Sorry about the meta-soliloquy, but to clarify.

I started out by saying that you have to test your ideas about AGI and then
you have to accept the results of your tests. But I realized those tests
cannot be fully defined in any detail beforehand. So using the example of
my planned project, I pointed out that if 5 months goes by and I did not
even start it, then that would be an indication that I did not really have
it figured out very well (unless there was a dramatic change in my life
which prevented me from working on it.) And if I started in on the project
but was not able to show that it even seemed to work after a year then that
would be an indication that I did not have it figured out. Yes you should
give an experimenter some leeway, but if he keeps kicking the can down the
road year after year then questions about the credibility about his claims
cannot be ignored. I also recognized that going through a trial and error
method of testing functions that you think would be needed is an important
step of the scientific method. I was just saying that you also need to test
simplified models of the essential qualities of the proposed project as
those kinds of tests became feasible. This is also an essential part of the
scientific method.  I pointed out that the program that I am going to work
on would be limited because AGI is something that is still on the frontier
of science, and I mentioned that some people would not be impressed with
anything that was so limited.  But other enthusiasts might be interested if
you could actually get your program to do something that seemed intelligent
near to or beyond what other people have already done.

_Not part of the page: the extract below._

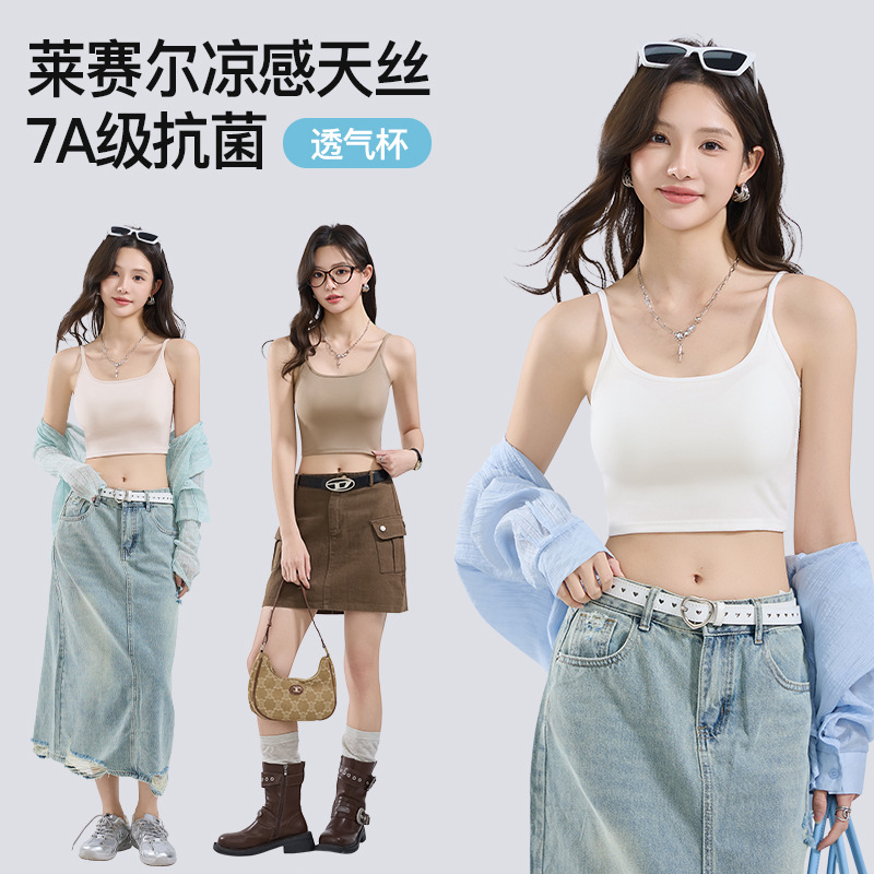 白の小さいサスペンダーのベストの女性の2025新型の中で夏の外で服を着て副乳を遮って光の袖なしの底の上着を防ぎます。

I gave my planned project a classification label. I called it AGi where the
lower case "i" represented the idea that it would be limited.  I realized
that I needed to define some ways that I could actually define the results
of my experiments since I was saying that you had to accept the results of
your experiments.  I don't think that anything is absolutely falsifiable
but I do believe that there are ways we can gather empirical evidence on
how well our ideas work if we are willing to make that effort.  I have made
the claim that my program should be able to learn a rudimentary human-like
language.  This would be pretty easy for some enthusiasts to accept if it
actually occurred.  As I thought about what kind of tests I could use to
collect evidence if I was on the right track (or on a good track) I came up
with an insight about language that I now recognize is an objective which I
think is obviously correlated with some of the fundamental qualities of
intelligence.  I have often said that concepts can play different roles in
combination with other concepts. This theory can be extended to the use of
word-based representations of concepts.  I then thought of the simple
language (that I would want my program to learn) in terms of creating
relations between words as if this were occurring in a kind of simple
database program.  I realized that a very simple database instruction
language would not qualify as a simplified human-like language because
words in human languages play different kinds of roles.  For example, in a
simple database instruction language you might create a classification for
a record and then create definitions for each of the fields used in the
record.  With a human language your words can, to give a simple and obvious
example, be used in sentences that instruct someone to make a new category
and a new definition of a record and so on.  So human languages include the
ability to create new codes that can actually be used to motivate someone
to change the way he thinks about something.  I felt that this idea might
work as a definition for a minimal human-like language.  So I came up with
the insight that words should be able to invoke new ways of defining and
classifying the operations of a database on the collection of ideas that it
learned about.  For example, the language should not be defined to rely
only on special instruction keywords to define a new category of records
(in this database metaphor).  Words should be able to invoke procedural
modifications as well as simply add declarative values. So the same words
(or phrases or sentences) which have a declarative value can be used to
invoke a procedural action without relying on a pre-designated keyword that
is only used to represent an operation of the database.

There was some discussion about the difference between declarative and
procedural knowledge in the old days of AI, but I suspect that the concept
became bogged down in the traditional model of computer programming which
makes strong distinctions between data that refers to a procedure and data
that refers to a function call.

So I defined an objective which may be tested (or at least examined if I
start testing the AGi program I have in mind.)  A human-like language has
the ability to induce a novel encoding of symbols powerful enough to invoke
new ways of thinking about something.  This objective can be constructed to
be so simple that it could even be tested using a carefully designed test
where the abstract nature of the idea can be tested in a controlled
environment. So even if my program did not work, I could fall back on the
essential idea (of the objective) and work on that.

This idea makes a great deal of sense.  We want an AGI program to be able
to act on language in just this way.  Now perhaps there are other qualities
of intelligence that I haven’t thought of.  But in trying to design a
presentation in which I defined a method to test my progress on my project
I have managed to put certain ideas together in a slightly novel way which
I feel goes to the heart of what we think intelligence should be.  Because
I chose to take this route I serendipitously discovered a way that this
could be constructed in a highly controlled abstract test. If my
impressions are right about this it should be easy to demonstrate the
basics of how they work in my AGi program (even though that program would
be limited).  I hope this makes sense to someone.